### Information shown
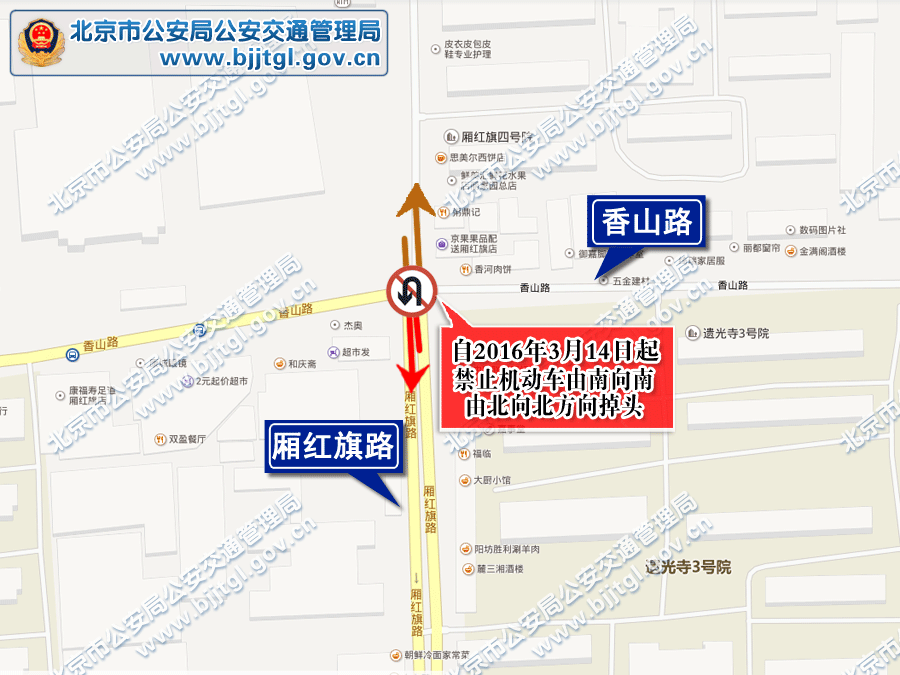 为保证厢红旗路与香山路的交通安全与畅通,根据《中华人民共和国道路交通安全法》的有关规定,决定自2016年3月14日起,厢红旗路与香山路相交路口禁止机动车由南向南和由北向北方向掉头。
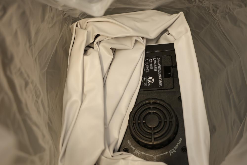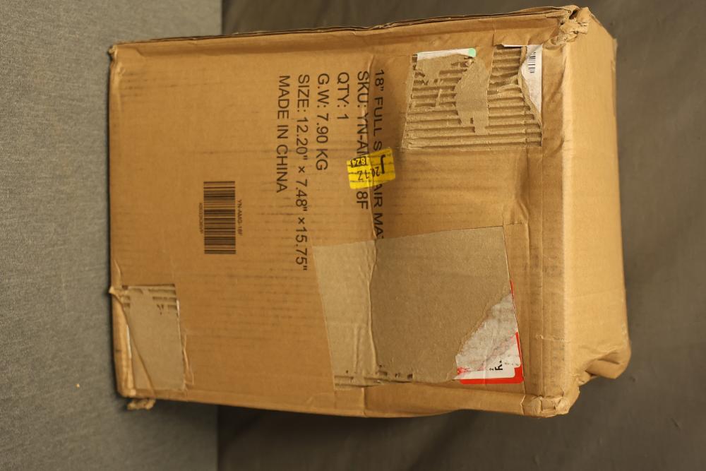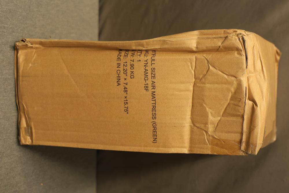 Yening YN-AMG-18F 18 Inch Full Size Air Mattress in Green. Includes built-in pump for quick inflation in approximately 3 minutes. The box shows wear with some deformities but contents appear unused. Mattress is a full-size model.
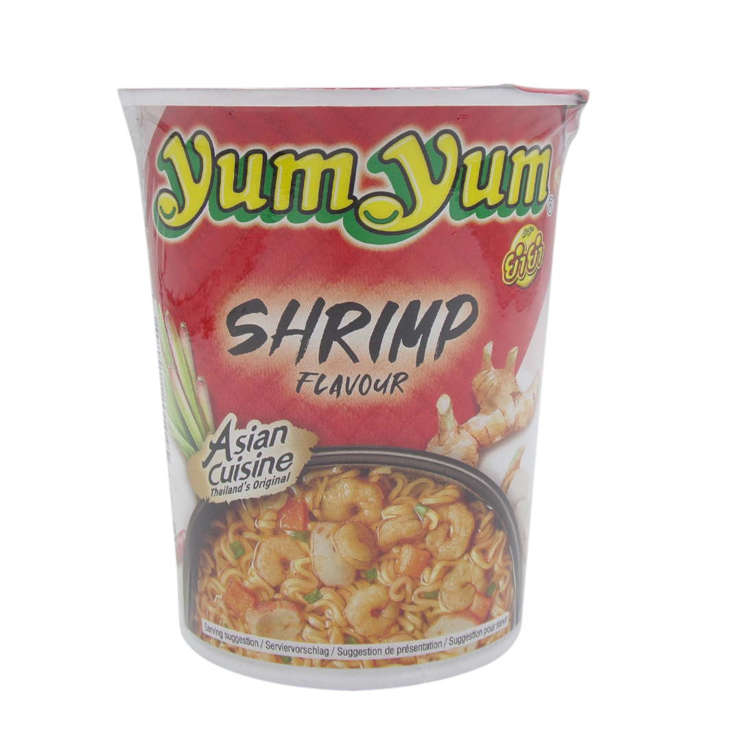 Yum Yum Cup Noodle Shrimp Flavor offers an authentic Thai Tom Yum experience with a signature sour-spicy taste, elastic noodles, and a rich soup base enhanced with ingredients like dried shrimp, lemongrass, chili, and galangal.
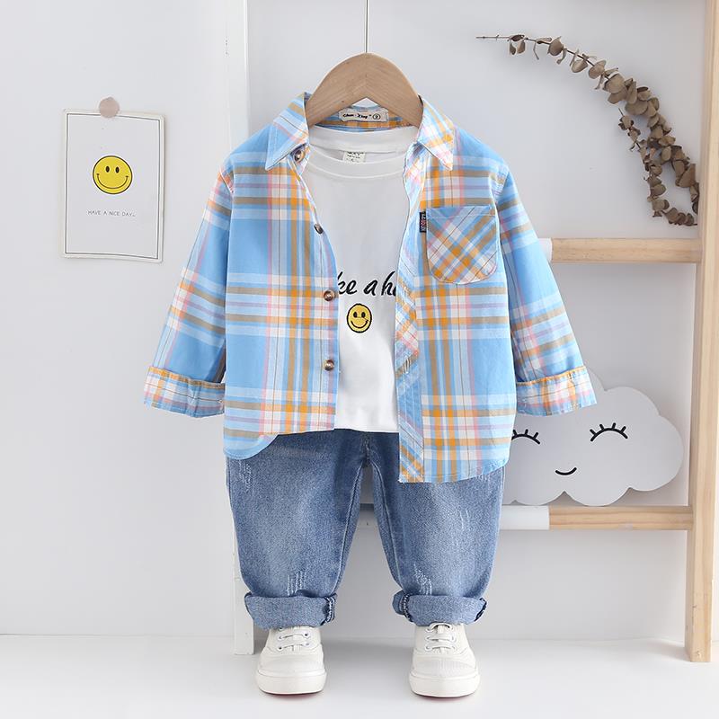 男童长袖格子衬衫纯棉2025春秋薄款儿童格子衬衣韩版男宝宝外套潮
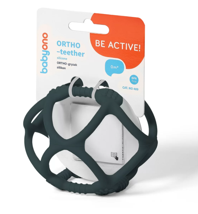 Dispozitiv de dentitie din silicon ultra moale cu structura si forma originale. Este ușor de apucat și ținut în mâinile copilului. Fabricat din silicon - material care nu conține bisfenol A.
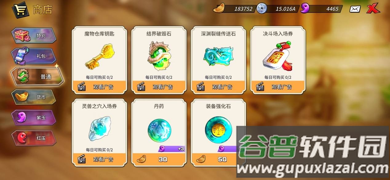 商城设计也有巧思。普通商店允许玩家通过观看广告限量获取道具。
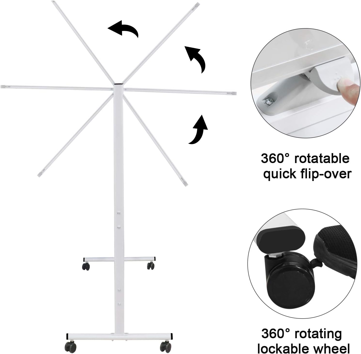 - [Easy Flip Double Sided Magnetic Dry Erase Board & Portable Standing Whiteboard]: Double sided mobile whiteboard have Quick Flip Over Reversible Feature, Flip the board to the other side with the press of a button. You have TWICE the writing space when you utilize BOTH sides of the portable whiteboard with stand, and the 2"(w) x 70.5"(L) pen tray can be placed with a lot of pens and erasers to facilitate your writing anytime and anywhere.

### Goal of the exercise
Without the pictures, give again exactly the lines above starting at the line containing "男童长袖格子衬衫纯棉2025春秋薄款儿童格子衬衣韩版男宝宝外套潮" and ending at the line containing "商城设计也有巧思。普通商店允许玩家通过观看广告限量获取道具。".

### Output below
 男童长袖格子衬衫纯棉2025春秋薄款儿童格子衬衣韩版男宝宝外套潮
 Dispozitiv de dentitie din silicon ultra moale cu structura si forma originale. Este ușor de apucat și ținut în mâinile copilului. Fabricat din silicon - material care nu conține bisfenol A.
 商城设计也有巧思。普通商店允许玩家通过观看广告限量获取道具。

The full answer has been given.